Aliases for CCN6 Gene
External Ids for CCN6 Gene
Previous HGNC Symbols for CCN6 Gene
This gene encodes a member of the WNT1 inducible signaling pathway (WISP) protein subfamily, which belongs to the connective tissue growth factor (CTGF) family. WNT1 is a member of a family of cysteine-rich, glycosylated signaling proteins that mediate diverse developmental processes. The CTGF family members are characterized by four conserved cysteine-rich domains: insulin-like growth factor-binding domain, von Willebrand factor type C module, thrombospondin domain and C-terminal cystine knot-like domain. This gene is overexpressed in colon tumors. It may be downstream in the WNT1 signaling pathway that is relevant to malignant transformation. Mutations of this gene are associated with progressive pseudorheumatoid dysplasia, an autosomal recessive skeletal disorder, indicating that the gene is essential for normal postnatal skeletal growth and cartilage homeostasis. Multiple transcript variants encoding different isoforms have been found for this gene. [provided by RefSeq, Jul 2008]

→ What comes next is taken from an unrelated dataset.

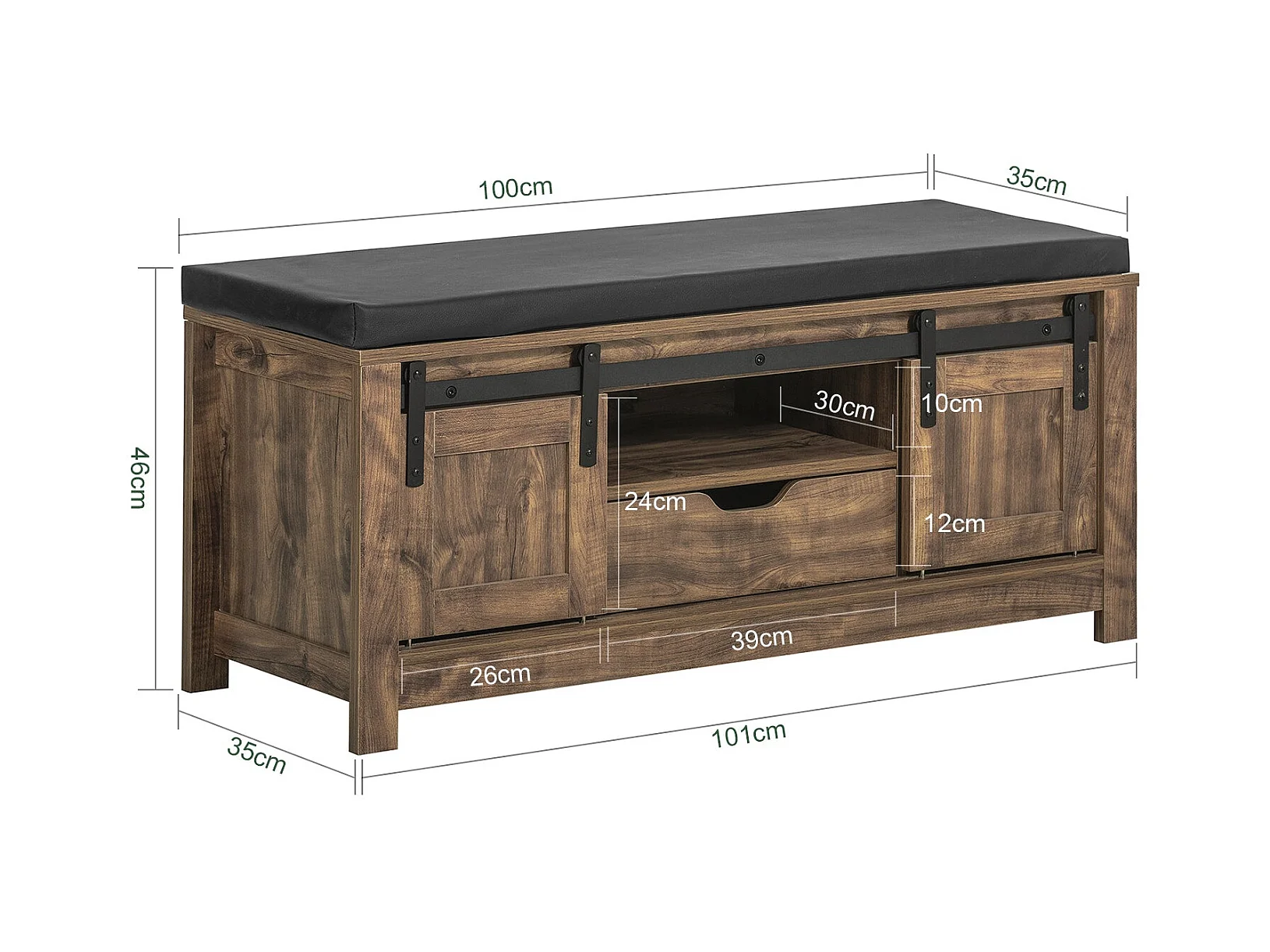 SoBuy FSR175-N Banc de Rangement, Banc à Chaussures, avec 1 Coussin Rembourré, 1 Tiroir et 2 Portes pour Entrée

GeneCards Summary for CCN6 Gene
CCN6 (Cellular Communication Network Factor 6) is a Protein Coding gene. Diseases associated with CCN6 include Progressive Pseudorheumatoid Dysplasia and Spondyloepiphyseal Dysplasia Tarda, Autosomal Recessive. An important paralog of this gene is CCN4.
UniProtKB/Swiss-Prot Summary for CCN6 Gene
Plays a role in mitochondrial electron transport and mitochondrial respiration (PubMed:27252383). Through its regulation of the mitochondrial function may play a role in normal postnatal skeletal growth and cartilage homeostasis (PubMed:27252383, PubMed:10471507).